*AVAILABLE DATA*

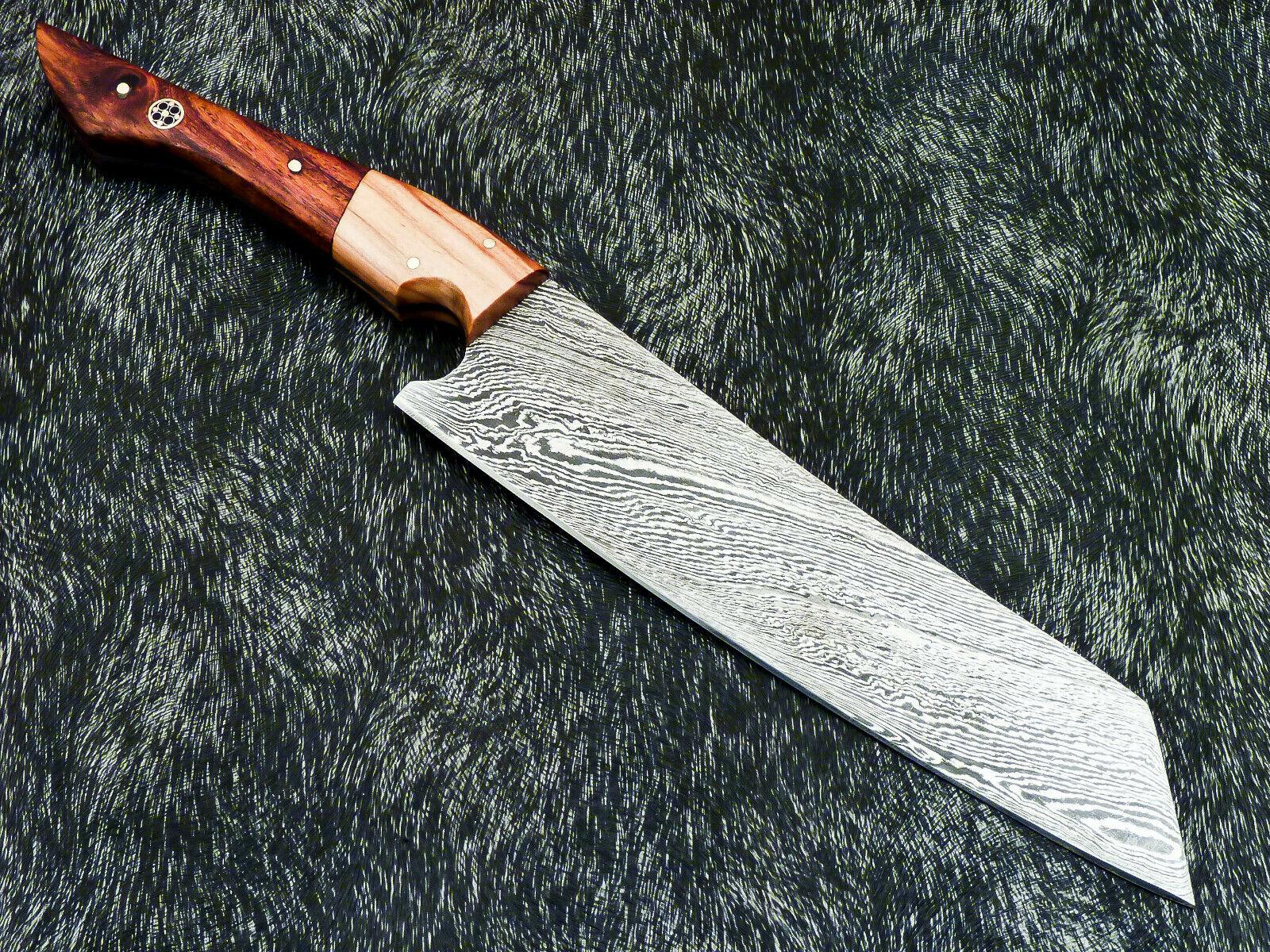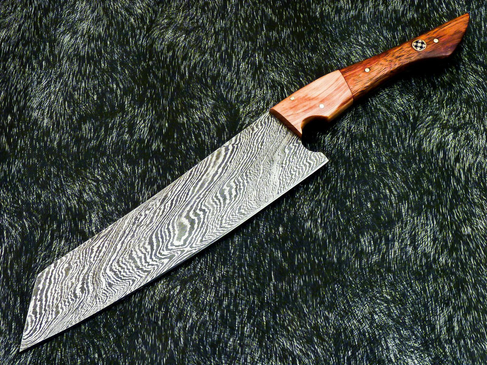 This 12-inch professional Damascus steel chef knife with olive wood handle is a handcrafted masterpiece designed for durability, precision, and aesthetic appeal. Each knife is 100% handmade, featuring a 7-inch blade, a 5-inch olive wood handle, and an overall length of 12 inches. The blade is forged from a premium mixture of 1095 and 15N20 high carbon steel, folded to create 512 layers, producing a striking Damascus pattern. The microscopic saw-blade effect allows the blade to maintain its sharpness while other knives dull, ensuring exceptional cutting performance.The blade is heat-treated with a Rockwell hardness of 50–54 along the edge and 42–45 along the spine, and is 4 mm thick with expertly hand-ground bevels and a false edge on the top side. The olive wood handle features natural wood scales fastened with brass pins, mosaic pins, and strong epoxy, ensuring lifetime durability. Ideal for professional kitchen use, camping, or hunting, this knife is both a functional tool and a collectible artisan piece.
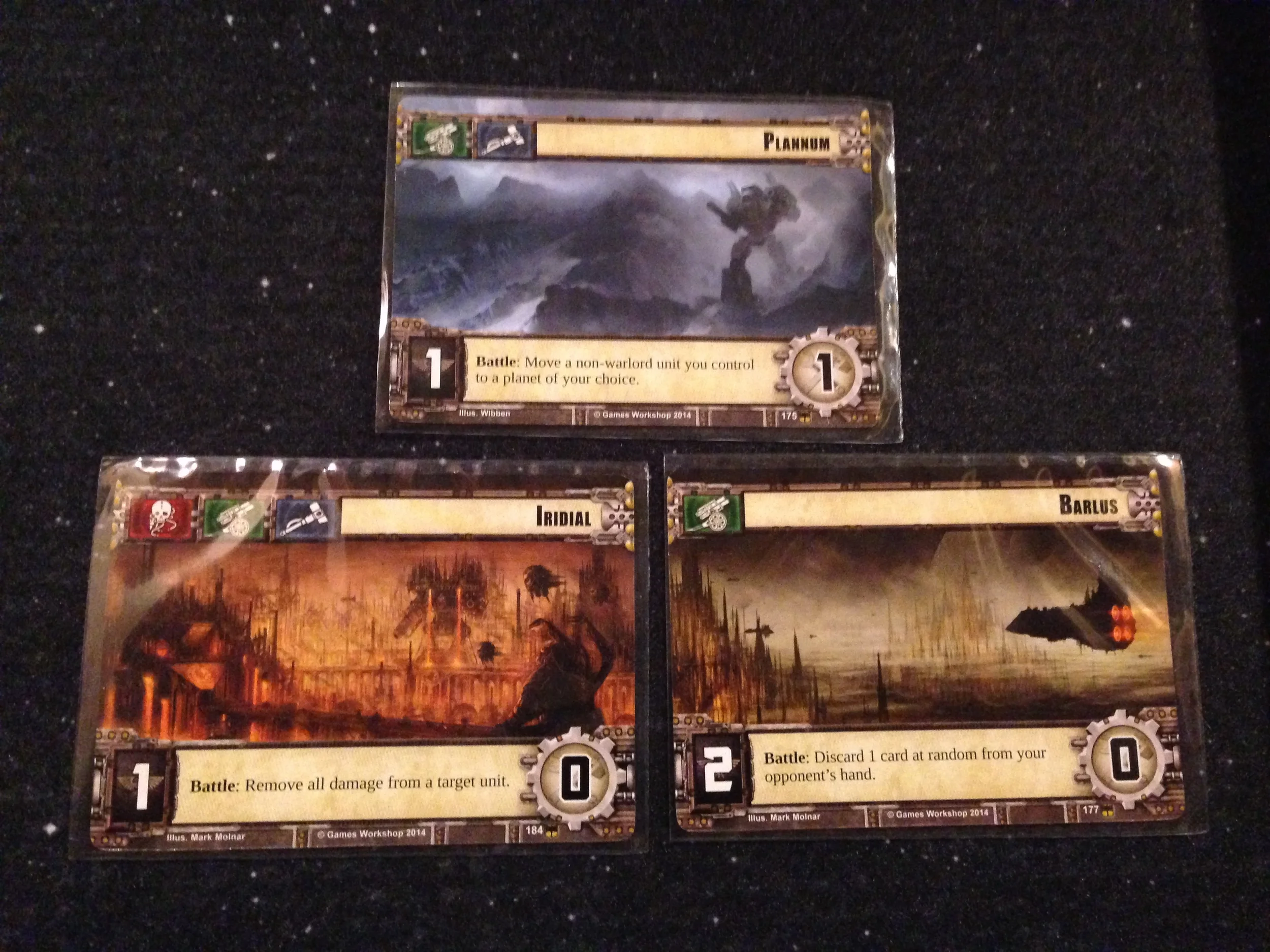 Command--Each player has a dial (similar to the ones used in the X-Wing Miniatures Game), and secretly chooses a planet for the Warlord to visit. You'll determine which Warlord wins the command struggle, and that player gets cards and resources, depending on the planet.
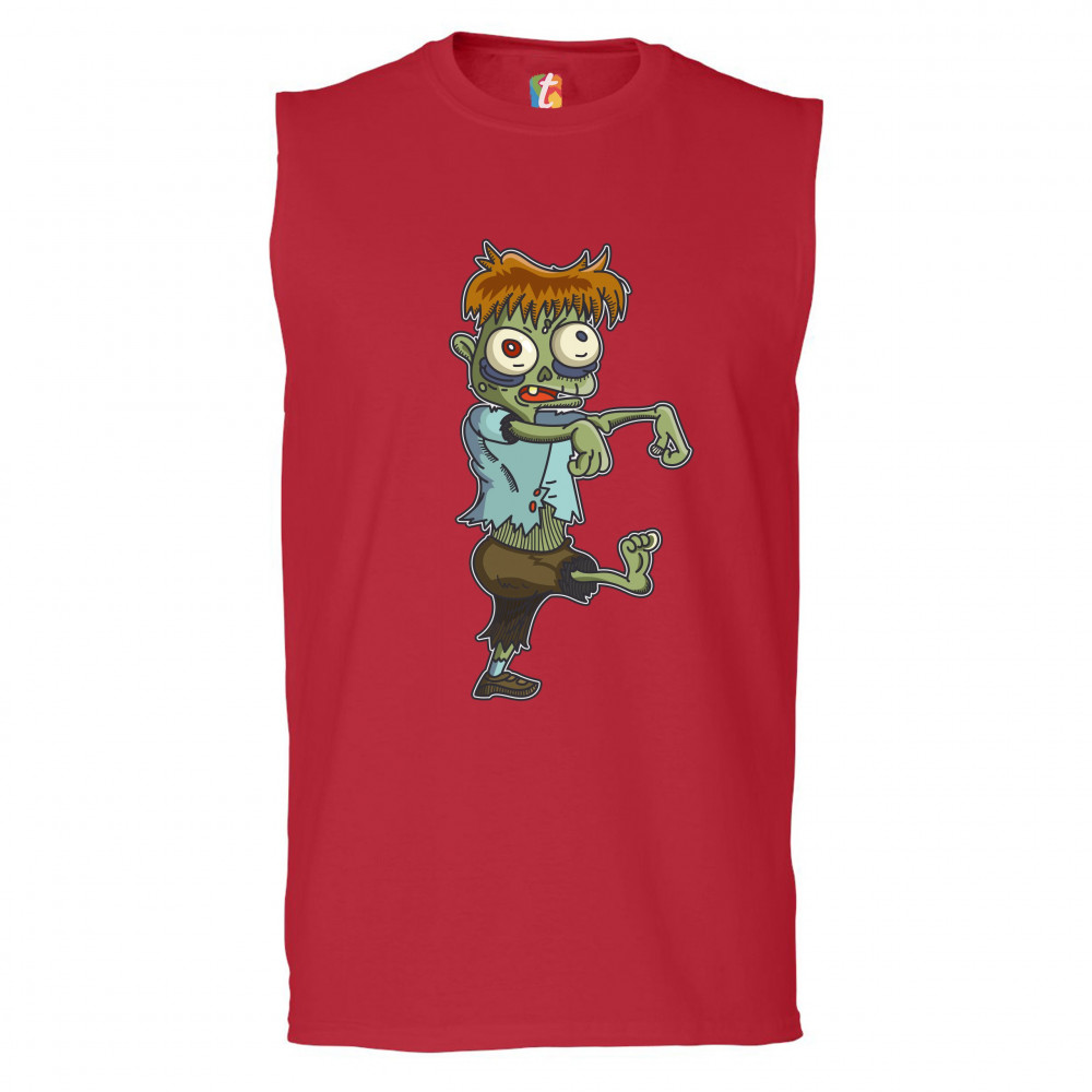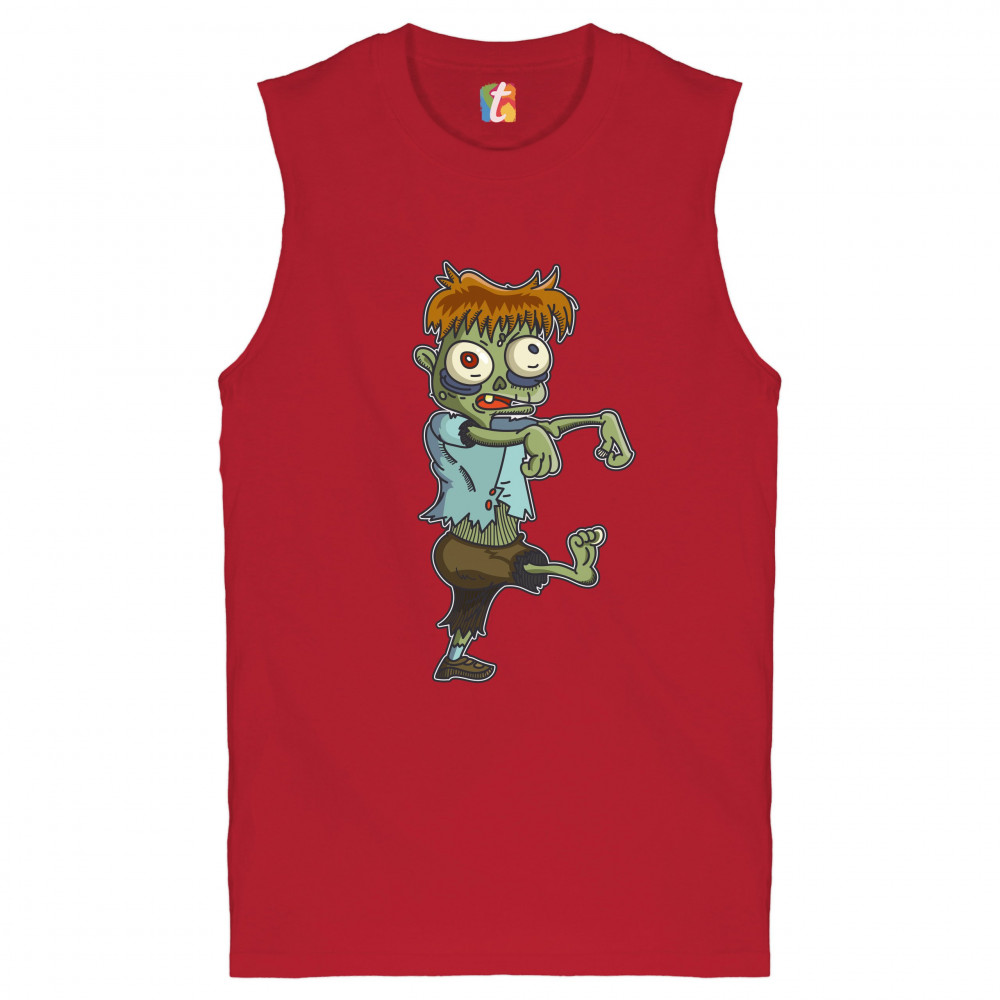 A print featuring a zombie, walking in a stereotypical movie fashion with the arms extended forward. The zombie has messy ginger hair and eyes popping out but he looks rather funny and non-threatening. A great choice for a person who is into horror movies
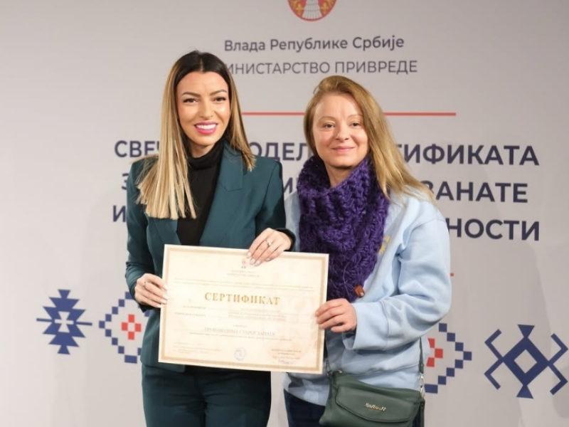 Ministarka privrede Adrijana Mesarović uručila je juče, u Etnografskom muzeju, 32 sertifikata za stare i umetničke zanate i najavila da će u narednom mesecu biti raspisan program podrške kroz bespovratna sredstva za sve koji se bave domaćom radinošću. Ona je istakla da narodi koji ozbiljno čuvaju identitet sistemski štite narodnu umetnost, a da starim zanatima pripada posebno mesto u kulturnom nasleđu. Prema njenim rečima, ti predmeti nisu masovna roba, već ”nosioci pamćenja, iskustva i kontinuiteta“. Dodala je da sertifikati nemaju novčanu vrednost, ali su zvanično priznanje države – savremeno ”majstorsko pismo“ i podstrek zanatlijama da razvijaju i predstavljaju tradiciju Srbije. #starizanati
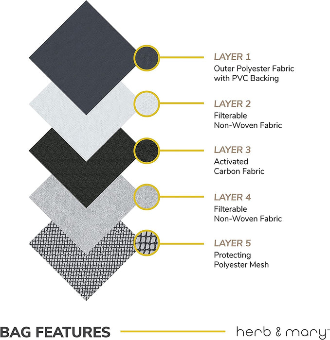 - Professional carbon lining and mesh with PVC coating to lock in odor and freshness.
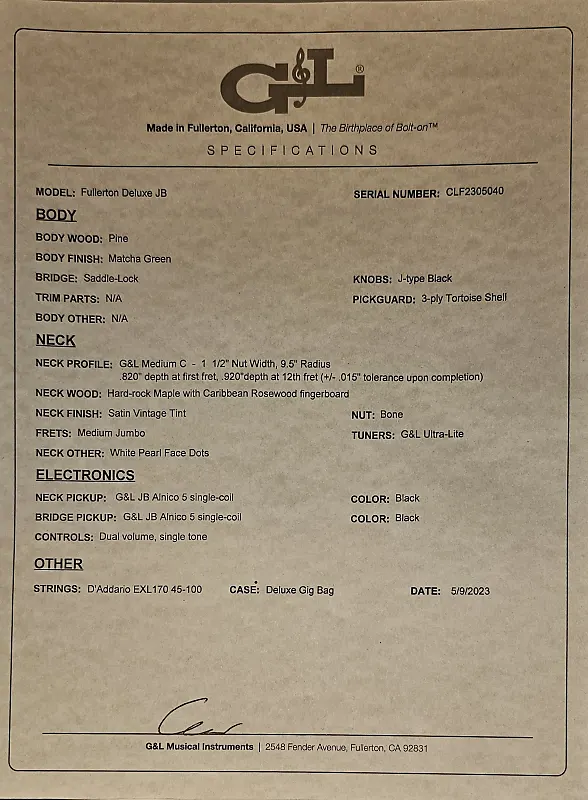 № 5040. В комплект входит роскошный мягкий чехол G&L Gig Bag. Вес = 9 фунтов 15 унций. Пожалуйста, смотрите приложенные фотографии и изображение сборочного листа. КОРПУС ИЗ СОСНОВОГО ДЕРЕВА, кастомный. Этот кастомный бас JB 4 струны 2023 года имеет опциональный корпус из сосны для насыщенного, традиционного звука и в сочетании с накладкой, которая идеально подчеркивает уникальный цвет. Это изящество продолжается вдоль грифа с полированным грифом G&L Natural Satin. Музыканты, любящие старую поговорку «если оно не сломано…», еще не играли на JB. Видите ли, G&L JB - это про изысканность, сочетание «святого Грааля» - звучания Alnico single-coil с современными улучшениями и превосходным мастерством. Этот JB излучает почтительно традиционное, но слегка прогрессивное настроение, уважая прошлое и не боясь двигаться вперед. Тонкий гриф из твердой кленовой древесины с легким в игре винтажным сатиновым финишем, а комфортный радиус 9 1/2″ и лады Jescar 57110 среднего размера из никель-серебра обеспечивают бархатистое ощущение игры. Более того, JB оснащен инновационной системой Saddle-Lock, разработанной Лео Фендером. мост для передачи струнной энергии прямо в торцевую часть корпуса для невероятно резонансного инструмента. Основанная Лео Фендером в 1980 году, компания G&L USA продолжает производить инструменты на историческом предприятии G&L на Фендер-авеню в Фуллертоне, Калифорния, родине болтового крепления.

*TASK BRIEF*
Reproduce the opening lines of the material above exactly, ending with the line that contains "Command--Each player has". Omit every picture.

*FINAL ANSWER*
 This 12-inch professional Damascus steel chef knife with olive wood handle is a handcrafted masterpiece designed for durability, precision, and aesthetic appeal. Each knife is 100% handmade, featuring a 7-inch blade, a 5-inch olive wood handle, and an overall length of 12 inches. The blade is forged from a premium mixture of 1095 and 15N20 high carbon steel, folded to create 512 layers, producing a striking Damascus pattern. The microscopic saw-blade effect allows the blade to maintain its sharpness while other knives dull, ensuring exceptional cutting performance.The blade is heat-treated with a Rockwell hardness of 50–54 along the edge and 42–45 along the spine, and is 4 mm thick with expertly hand-ground bevels and a false edge on the top side. The olive wood handle features natural wood scales fastened with brass pins, mosaic pins, and strong epoxy, ensuring lifetime durability. Ideal for professional kitchen use, camping, or hunting, this knife is both a functional tool and a collectible artisan piece.
 Command--Each player has a dial (similar to the ones used in the X-Wing Miniatures Game), and secretly chooses a planet for the Warlord to visit. You'll determine which Warlord wins the command struggle, and that player gets cards and resources, depending on the planet.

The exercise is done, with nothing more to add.